My stomach lurched. “I don’t know what you’re talking about.”

“Yes, you do. Don’t go through with this meeting with Thomason. He’s savage, Candle, in a way you can’t comprehend.”

“How the hell did you know I was meeting with him?”

“There are still a great many things you don’t understand. Did you know that Kareem hired Thomason to help them develop the guidance software? Omar was the engineer, Kareem became the product manager, and Thomason was the sales guy. Frank Thomason was IntelliCraft employee number four.”

That explained one mystery, when Dad had mentioned the four original founders of IntelliCraft.

“Edgar Hartford may have been the CEO,” Cross said, “but Thomason has been pulling the strings for the last twenty years. He’s a vicious, brutal man, and he’s done far worse things than murder to get what he wants.”

I knew that for a fact, after seeing the video this morning. Of all the people from the company I’d encountered, only the sick and twisted trainee Darren seemed anywhere close to being as blatantly sociopathic as Frank Thomason.

But then, a more pressing thought bubbled up: why was Cross warning me about him?

“You’re not with the company, are you, Cross?”

“IntelliCraft? Absolutely not.”

“You’re working against them.”

“Of course I am. If you weren’t so pig-headed, you would have figured that out long ago.”

Rodrick parked and got out of the car. He paused, looking at me.
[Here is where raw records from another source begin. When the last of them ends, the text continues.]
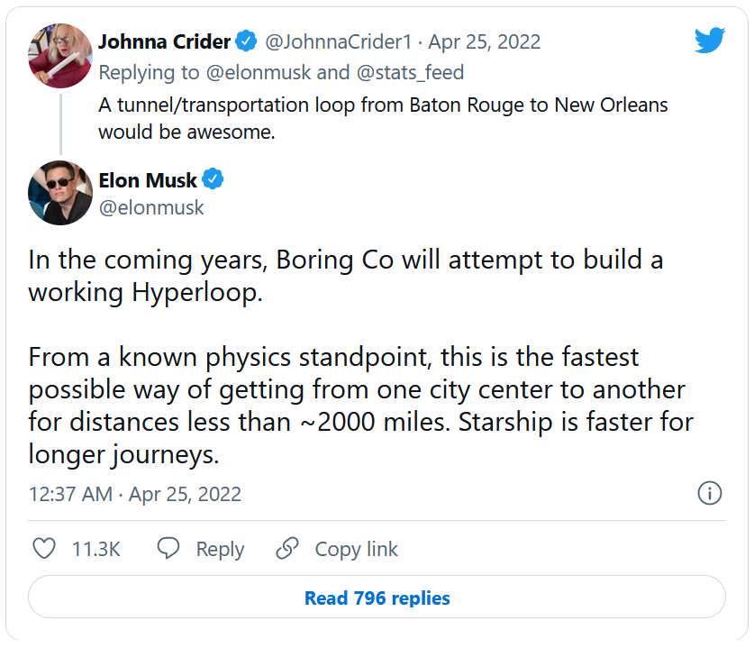 Du point de vue de la physique connue, c'est le moyen le plus rapide de se rendre d'un centre-ville à un autre lorsque la distance distance est inférieure à 2 000 milles (un peu plus de 3 000 kilomètres, ndlr). Le Starship est plus rapide pour les voyages plus longs.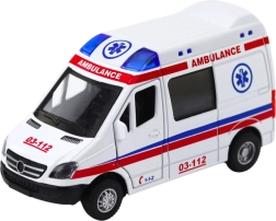 En realistisk metalambulance i skala 1:32, der glæder både små redningsfolk og samlere. Den tilbyder pull-back drev, åbne døre og lys- og lydeffekter. Kvalitetsudførelse i metal og plast sikrer holdbarhed og sikker leg, og de kompakte mål gør den nem at tage med.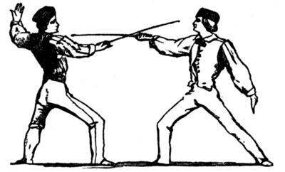 It is customary for adversaries, on coming to[Pg 10] the Guard, to Engage, or to join blades, on what is called the inside, that is, the right side; although there are occasions on which it is advisable to engage on the outside, or on the left; otherwise called the Quarte or Tierce sides.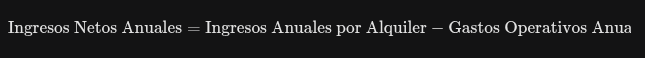 | Otros Gastos | Gastos de hipoteca (intereses), costos de servicios no cubiertos por el inquilino (p. ej., agua o luz de zonas comunes). |

Now I understood why Cross had been so lenient with me, letting me leave the state with only a minimal lecture, not hassling me about my statement as much as he should have. An impartial cop would have hauled me in for questioning every other day until all the facts were sorted.

If he was aligned with my dad, that meant Cross would have wanted to keep anything that incriminated him and Susan quiet.
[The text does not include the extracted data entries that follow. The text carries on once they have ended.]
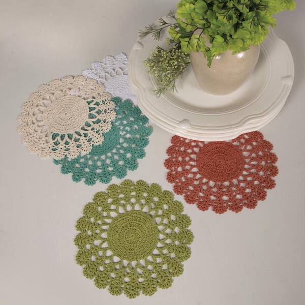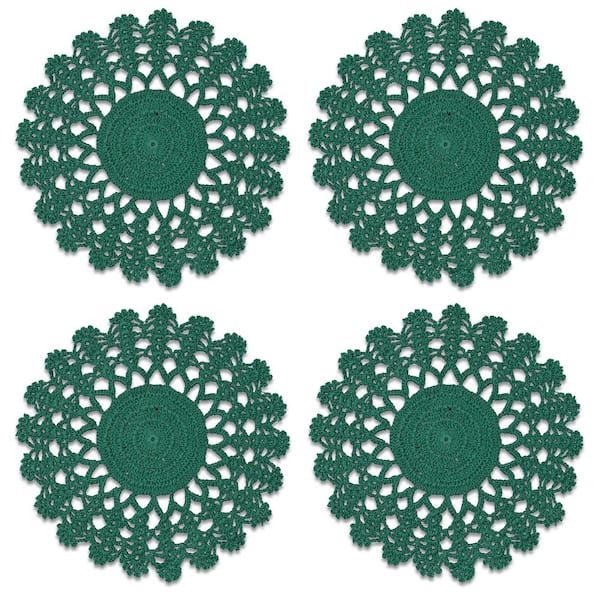 Crochet Envy Lacy 8 in. Teal Round Doily (Set of 4)
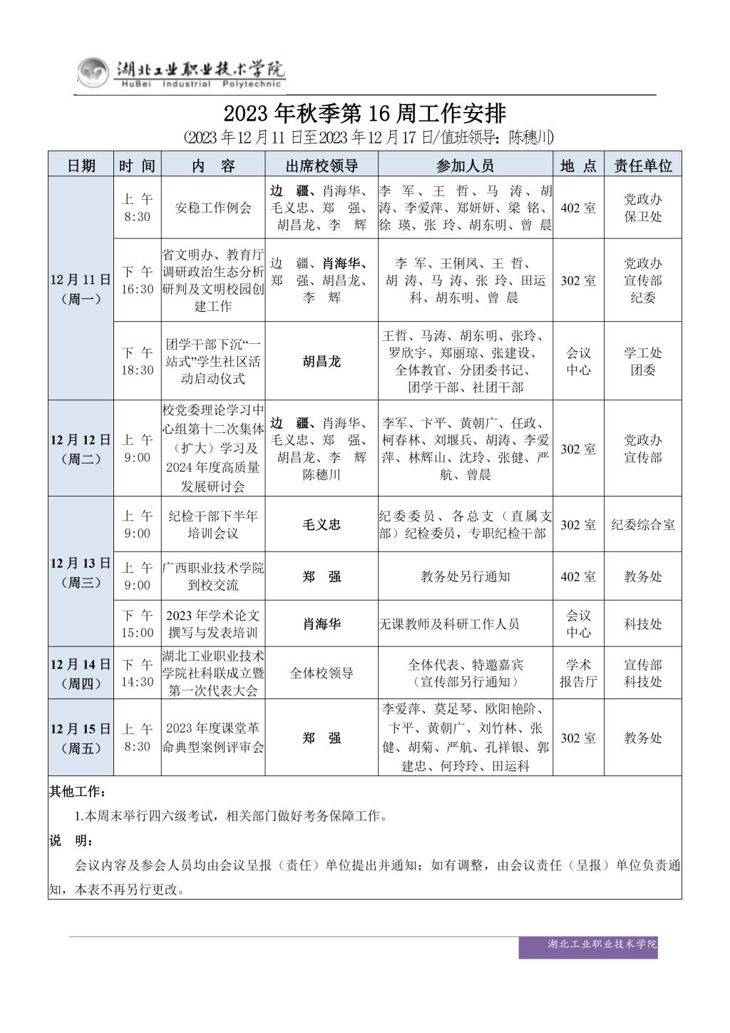 2023年秋季第16周工作安排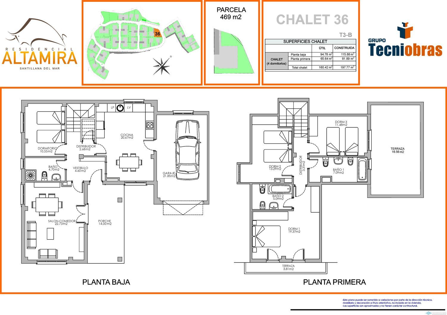 Santillana del Mar y Altamira se han convertido por méritos propios en marcas turísticas con mayúsculas. Su potencial de ocio y residencial atrae cada año a cientos de miles de visitantes que disfrutan de sus atractivos naturales, de su gastronomía y de su destacado sector de ocio y entretenimiento. Completan esta espectacular oferta turística la belleza de su paisaje, la proximidad a algunas de las más renombradas playas de Cantabria y la indudable calidad de sus comunicaciones. Todo ello convierte este municipio en uno de los emplazamientos más demandados para vivir.Y es precisamente en Vispieres, localidad perteneciente al municipio de Santillana del Mar, donde Tecniobras construye Altamira Residencial, una de las más atractivas urbanizaciones de Cantabria, ubicada en un punto estratégico del municipio, apenas a cinco minutos del famoso casco histórico de Santillana y a diez minutos de playas y zonas de ocio.Construido sobre una elevación del terreno, Altamira agrupa 48 espectaculares chalets pareados de una extraordinaria calidad, con un completo equipamiento, un cuidado entorno y cerrado perimetralmente para seguridad de sus residentes. Cada vivienda dispone de 4 dormitorios, amplias terrazas y acceso a jardines privados para disfrutar del exterior de la vivienda. Un lujo desde el que podrás contemplar la belleza de los paisajes del norte.Bienvenidos a Altamira.Bienvenidos a Tecniobras.CARACTERÍSTICAS DE LA PROMOCIÓN.- 48 chalets pareados de 2 y 3 alturas.- 4 dormitorios, 3 baños.- Salón con acceso a jardín.- Terrazas en todas las viviendas.- Jardines privados entre 200 m² y 750m².- Entorno residencial nuevo.- Carpintería exterior alto-eficiente.- Pre-instalación domótica.- Tecnología High Tech residencial.- Materiales de construcción certificados.- Paisajismo residencial.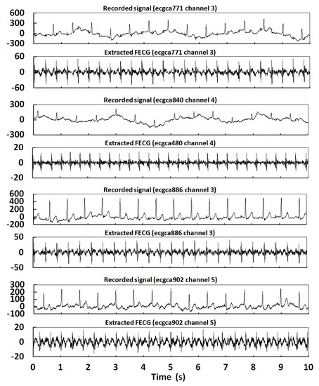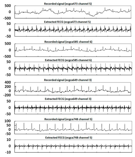 In order to further verify the effectiveness of FECG extraction at different pregnancy stages and channels by the proposed method, eight records were selected for experiments. These were ecgca473 Channel 5, ecgca585 Channel 6, ecgca649 Channel 3, ecgca748 Channel 5, ecgca771 Channel 3, ecgca840 Channel 4, ecgca886 Channel 3, and ecgca902 Channel 5. The experimental results are shown in Figure 17.

He would have managed to get my case in his caseload so no one else could dig deep and uncover suspicious info about IntelliCraft. I’ll bet he’d been throwing the FBI off IntelliCraft’s trail too, to keep the truth from coming out. “So you were with my Dad and Susan.”

“Yes. We’re trying to help you, Candle. We’re going to end all of this, in our own way.”

I noticed he’d used the present tense. Sounded like he didn’t know they’d been murdered last night, and I didn’t have time to go into details about all that. I’m sure he’d find out on his own, soon enough.

Maybe I could use Cross to my advantage. If things with Thomason didn’t go as planned today, I still had the flash drive in my pocket. Maybe Cross could do something with that.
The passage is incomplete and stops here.